Task to complete
Output all the data exactly. Pictures do not belong in the copy.

= Beginning of Section =

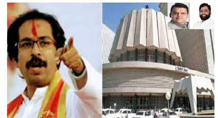
The BJP-Shinde faction wins the Floor-test. Inset: Clockwise: Shiv Sena Chief Uddhav Thackeray, DCM Devendra Fadnavis, and CM Eknath Shinde.

During the floor test, 10 to 12 MLAs including the Congress MLAs, reached late and the Speaker Rahul Narvekar directed the staff to close the doors of the Vidhan Bhavan lobby. Eventually, the late comers could not remain present in the House during the Floor-test and the MVA strength came down further.
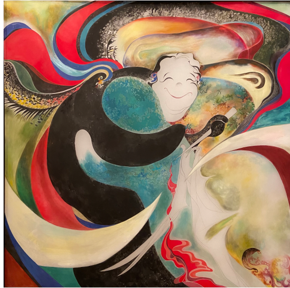
Fig.2. It is for Your Sake 1 , Ink and watercolor on silk

terrifying. It raised a question of how to build healthy and loving relationships between parents and children?
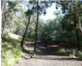
ORDE'S/OGDEN BROTHERS MILL SOHE 2008
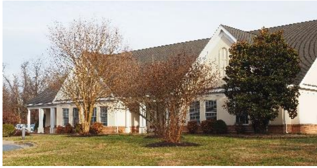
St. Andrews Parish House, established 2001
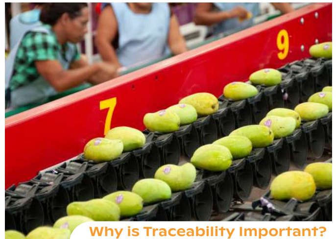
Why is Traceability Important?

In summary, a food traceability program is an important tool for ensuring food safety throughout the supply chain, that may also have other benefits to consumers, businesses, and regulators in the food industry.
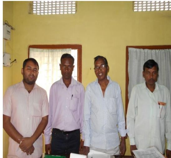
Researcher with Office Staff of Assam Cha Sramik Mazdhur Shangha
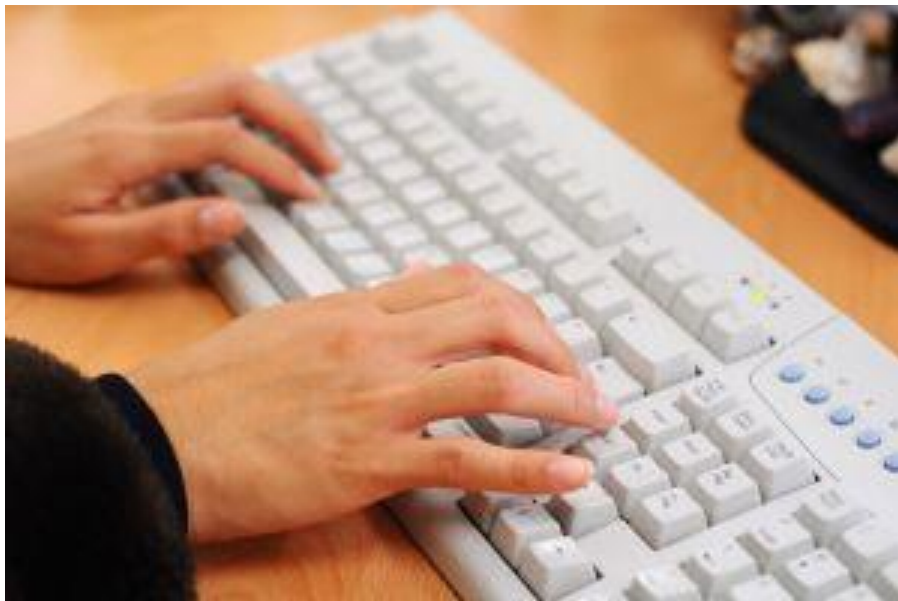
The Description 1

Using images will definitely contribute positively to the traffic movement towards a particular site. Therefore it would be prudent to have some knowledge on how this works and its positive contributing factors that facilitate the ideal traffic flow.
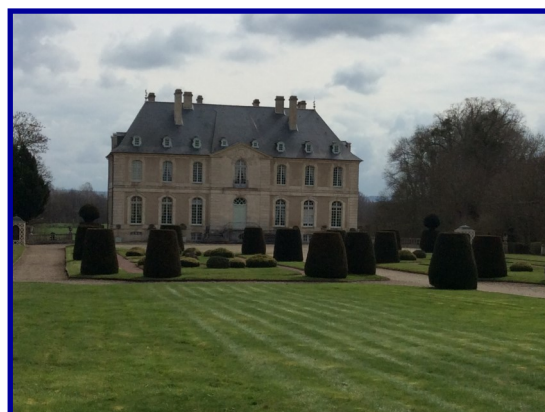
Chateau de Vendevre
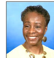
By Jackie Swift
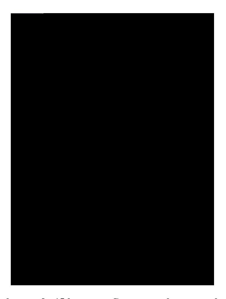
View from the top of a 15th century German castle at a nearby village
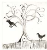
crow talk , 2005 dry point etching print size: 3 x 3 in. edition of 10 11/05
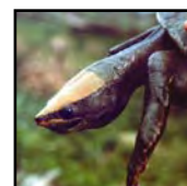
Central American river turtle Dermatemys mawii Central America (Mesoamerica Hotspot)
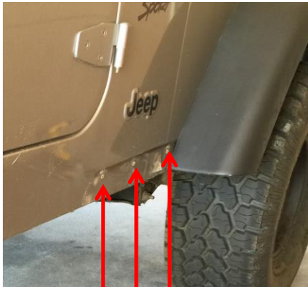
(1) (2) (3) (Figure 4)
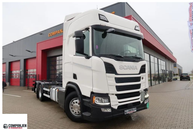
Scania R450 R450 - 2019 - Euro 6 - BDF - Retarder 6x2
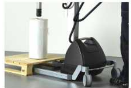
TAWI Lifting Trolleys

On several models, the measures of the wheels make it possible to drive the lifter into a Euro-pallet in three different ways.
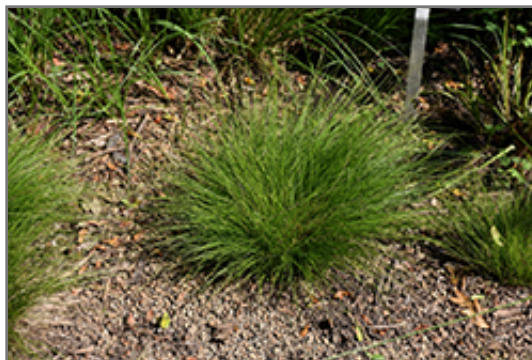
Bristle-leaved Sedge
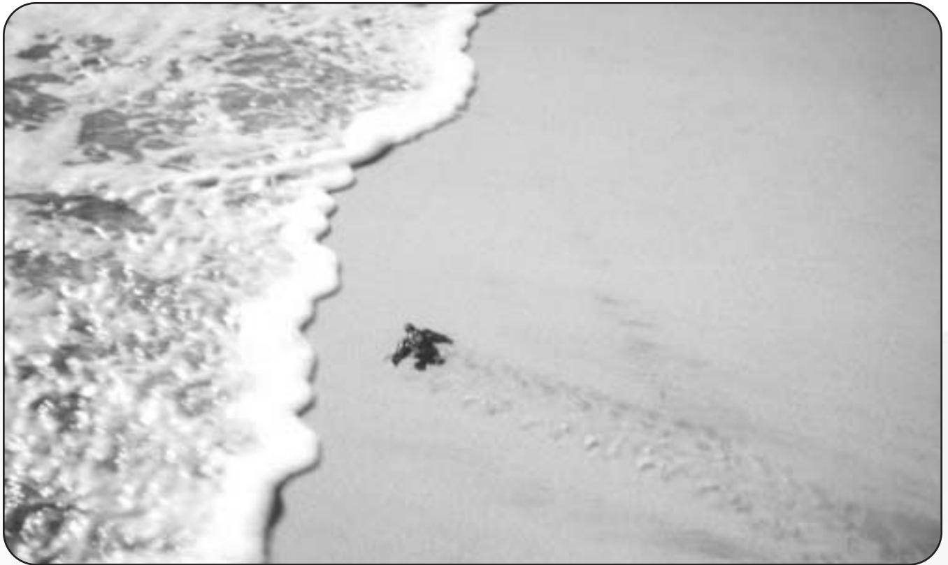
Figure 4. Hatchling, R. Ganley, NSLTWG

Another mystery surrounding leatherbacks is where hatchlings go between the time they are small and the time they return to the nesting beaches as adults. Sightings of juvenile turtles are extremely rare, and there is little information on the biology, distribution or habits of young turtles, although recent research suggests that hatchlings remain in tropical waters until their carapace is a metre long.
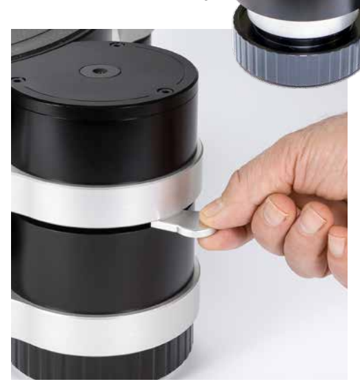
Flat shims provide the correct distance when adjusting the sub-chassis. If they just barely fit, the distance is correct.
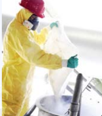
Maintenance work on pipes and containers, including those under pressure, cleaning industrial plants and tanks, production and packaging.
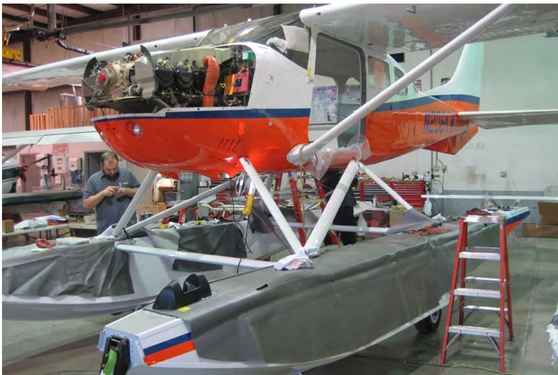
New Wipline 3450 Amphibs Installed
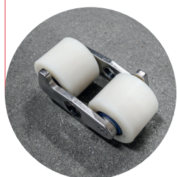
White tandem wheels for a high level of hygiene
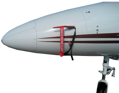
Premier Pitot, AOA, Rosemount Cover Set

The Hawker Beechcraft Premier 390 Intake/Exhaust Plugs are custom fit for the intake and exhaust openings, made with heavy-duty vinyl material, and stuffed with a single block of sculpted urethane foam. Each plug has a zipper that allows the foam to be removed and dried if necessary. Engine plugs have 'remove before flight' streamers sewn onto the face of the plugs. Most plugs are imprinted with the aircraft registration number in black. Engine plugs may be inserted after flight when the engine is still warm. Engine Inlet Plugs are commonly referred to as Cowl Plugs, Intake Plugs, Cowl Blocks, Engine Blocks, and Engine Bungs.
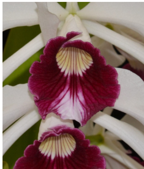
Vinicolored lips can go darker.
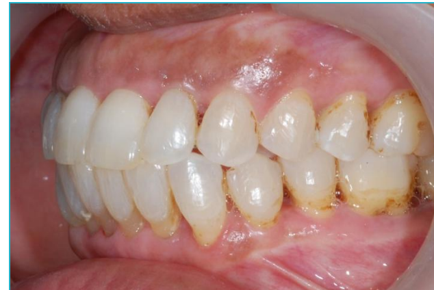
8 months treatment
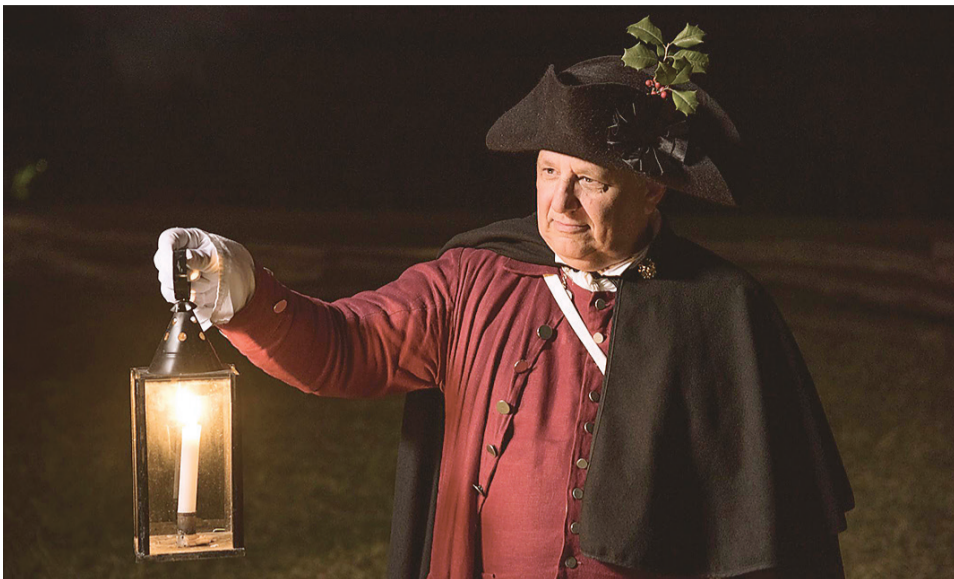
Take a Holiday Candlelight Tour of Mount Vernon Estate Dec. 9, 10 and 18.
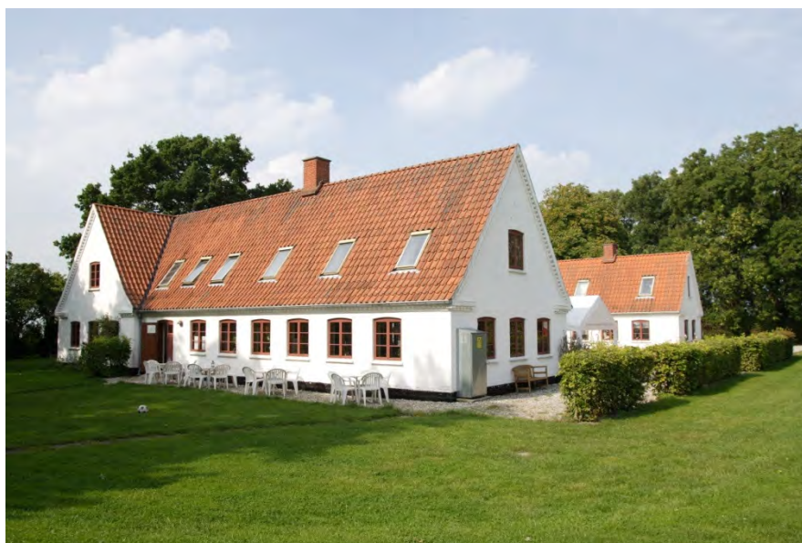
Hegnaarden Development Center at the Island Orø in Denmark

Hegnaarden is situated at the island of Orø – beautifully surrounded by fields, close to the water. Hegnegaarden has its own very special atmosphere – good surroundings for development, presence, being and working together.
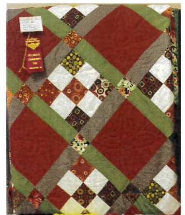
To the right: Retrofusion Quilt
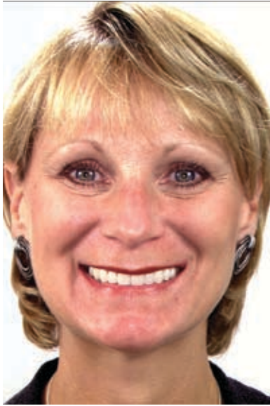
Figure 13: Restoration with veneers included appropriate crown thickness and length resulting in more incisor display, better tooth color, and a consonant smile arc.
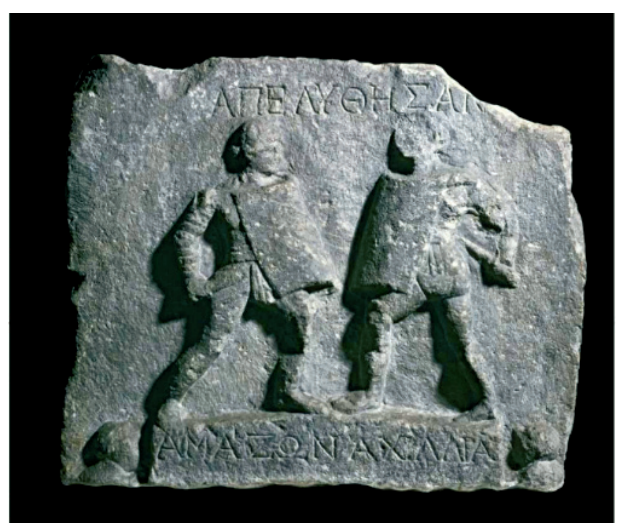
Pictue 6. A marble slab depicting two women gladiators, British Museum

and shields. The right gladiator's head is missing, and they are standing on a raised platform and, in the bottom, on each side, is the spectator's head. Female gladiators are depicted with the same equipment as male gladiators, but without helmets. There are rare findings like the ones mentioned above that talk about female members of this cruel sport, but it is known that the Roman emperor Septimius Severus banned women gladiators in the year 200.<sup>16</sup>
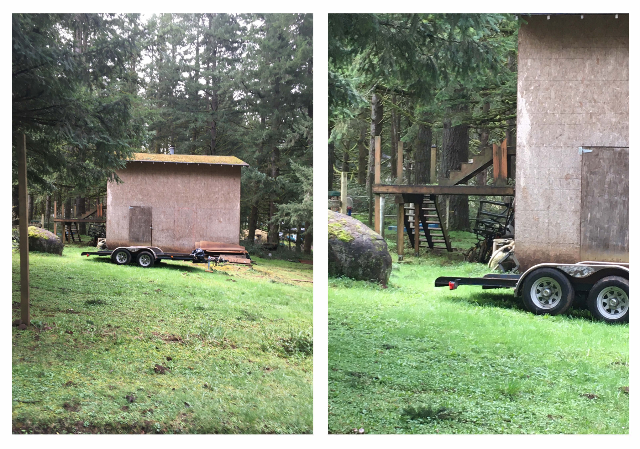
EXHIBIT B - PAGE 3 OF 4
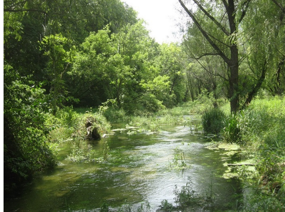
Letort.
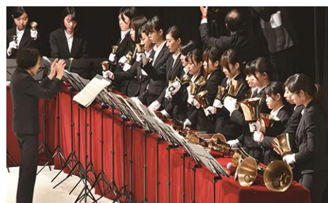
Handbell performance by the Aoyama Gakuin Women's Jr. College
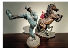
Full Bodied Bronzes Nolan Ryan and a Magnificent Rearing Horse
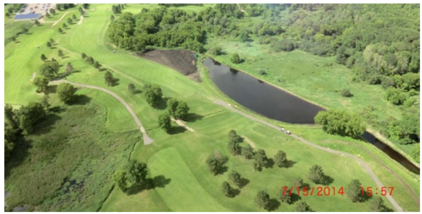
The newly created containment pond on Oneka Ridge Golf Course captures phosphorous laden water from urban and agricultural runoff.

Do you have a local source of reusable water for use on your course?
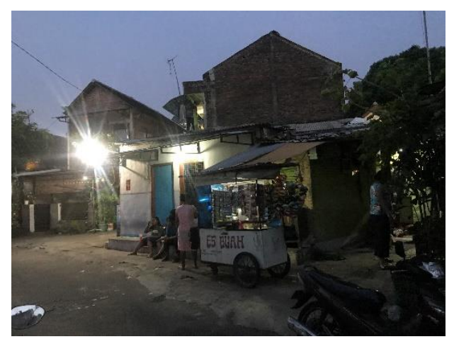
Figure 7. Area near Pos Ronda

This pattern is found in several public open spaces in urban kampung s. This pattern is usually marked by the presence of the main object such as a pos ronda or security pos, mosque, or wedangan where the surrounding area used by the residents as open space.

= End of Section =

Your solution
The BJP-Shinde faction wins the Floor-test. Inset: Clockwise: Shiv Sena Chief Uddhav Thackeray, DCM Devendra Fadnavis, and CM Eknath Shinde.

During the floor test, 10 to 12 MLAs including the Congress MLAs, reached late and the Speaker Rahul Narvekar directed the staff to close the doors of the Vidhan Bhavan lobby. Eventually, the late comers could not remain present in the House during the Floor-test and the MVA strength came down further.
Fig.2. It is for Your Sake 1 , Ink and watercolor on silk

terrifying. It raised a question of how to build healthy and loving relationships between parents and children?
ORDE'S/OGDEN BROTHERS MILL SOHE 2008
St. Andrews Parish House, established 2001
Why is Traceability Important?

In summary, a food traceability program is an important tool for ensuring food safety throughout the supply chain, that may also have other benefits to consumers, businesses, and regulators in the food industry.
Researcher with Office Staff of Assam Cha Sramik Mazdhur Shangha
The Description 1

Using images will definitely contribute positively to the traffic movement towards a particular site. Therefore it would be prudent to have some knowledge on how this works and its positive contributing factors that facilitate the ideal traffic flow.
Chateau de Vendevre
By Jackie Swift
View from the top of a 15th century German castle at a nearby village
crow talk , 2005 dry point etching print size: 3 x 3 in. edition of 10 11/05
Central American river turtle Dermatemys mawii Central America (Mesoamerica Hotspot)
(1) (2) (3) (Figure 4)
Scania R450 R450 - 2019 - Euro 6 - BDF - Retarder 6x2
TAWI Lifting Trolleys

On several models, the measures of the wheels make it possible to drive the lifter into a Euro-pallet in three different ways.
Bristle-leaved Sedge
Figure 4. Hatchling, R. Ganley, NSLTWG

Another mystery surrounding leatherbacks is where hatchlings go between the time they are small and the time they return to the nesting beaches as adults. Sightings of juvenile turtles are extremely rare, and there is little information on the biology, distribution or habits of young turtles, although recent research suggests that hatchlings remain in tropical waters until their carapace is a metre long.
Flat shims provide the correct distance when adjusting the sub-chassis. If they just barely fit, the distance is correct.
Maintenance work on pipes and containers, including those under pressure, cleaning industrial plants and tanks, production and packaging.
New Wipline 3450 Amphibs Installed
White tandem wheels for a high level of hygiene
Premier Pitot, AOA, Rosemount Cover Set

The Hawker Beechcraft Premier 390 Intake/Exhaust Plugs are custom fit for the intake and exhaust openings, made with heavy-duty vinyl material, and stuffed with a single block of sculpted urethane foam. Each plug has a zipper that allows the foam to be removed and dried if necessary. Engine plugs have 'remove before flight' streamers sewn onto the face of the plugs. Most plugs are imprinted with the aircraft registration number in black. Engine plugs may be inserted after flight when the engine is still warm. Engine Inlet Plugs are commonly referred to as Cowl Plugs, Intake Plugs, Cowl Blocks, Engine Blocks, and Engine Bungs.
Vinicolored lips can go darker.
8 months treatment
Take a Holiday Candlelight Tour of Mount Vernon Estate Dec. 9, 10 and 18.
Hegnaarden Development Center at the Island Orø in Denmark

Hegnaarden is situated at the island of Orø – beautifully surrounded by fields, close to the water. Hegnegaarden has its own very special atmosphere – good surroundings for development, presence, being and working together.
To the right: Retrofusion Quilt
Figure 13: Restoration with veneers included appropriate crown thickness and length resulting in more incisor display, better tooth color, and a consonant smile arc.
Pictue 6. A marble slab depicting two women gladiators, British Museum

and shields. The right gladiator's head is missing, and they are standing on a raised platform and, in the bottom, on each side, is the spectator's head. Female gladiators are depicted with the same equipment as male gladiators, but without helmets. There are rare findings like the ones mentioned above that talk about female members of this cruel sport, but it is known that the Roman emperor Septimius Severus banned women gladiators in the year 200.<sup>16</sup>
EXHIBIT B - PAGE 3 OF 4
Letort.
Handbell performance by the Aoyama Gakuin Women's Jr. College
Full Bodied Bronzes Nolan Ryan and a Magnificent Rearing Horse
The newly created containment pond on Oneka Ridge Golf Course captures phosphorous laden water from urban and agricultural runoff.

Do you have a local source of reusable water for use on your course?
Figure 7. Area near Pos Ronda

This pattern is found in several public open spaces in urban kampung s. This pattern is usually marked by the presence of the main object such as a pos ronda or security pos, mosque, or wedangan where the surrounding area used by the residents as open space.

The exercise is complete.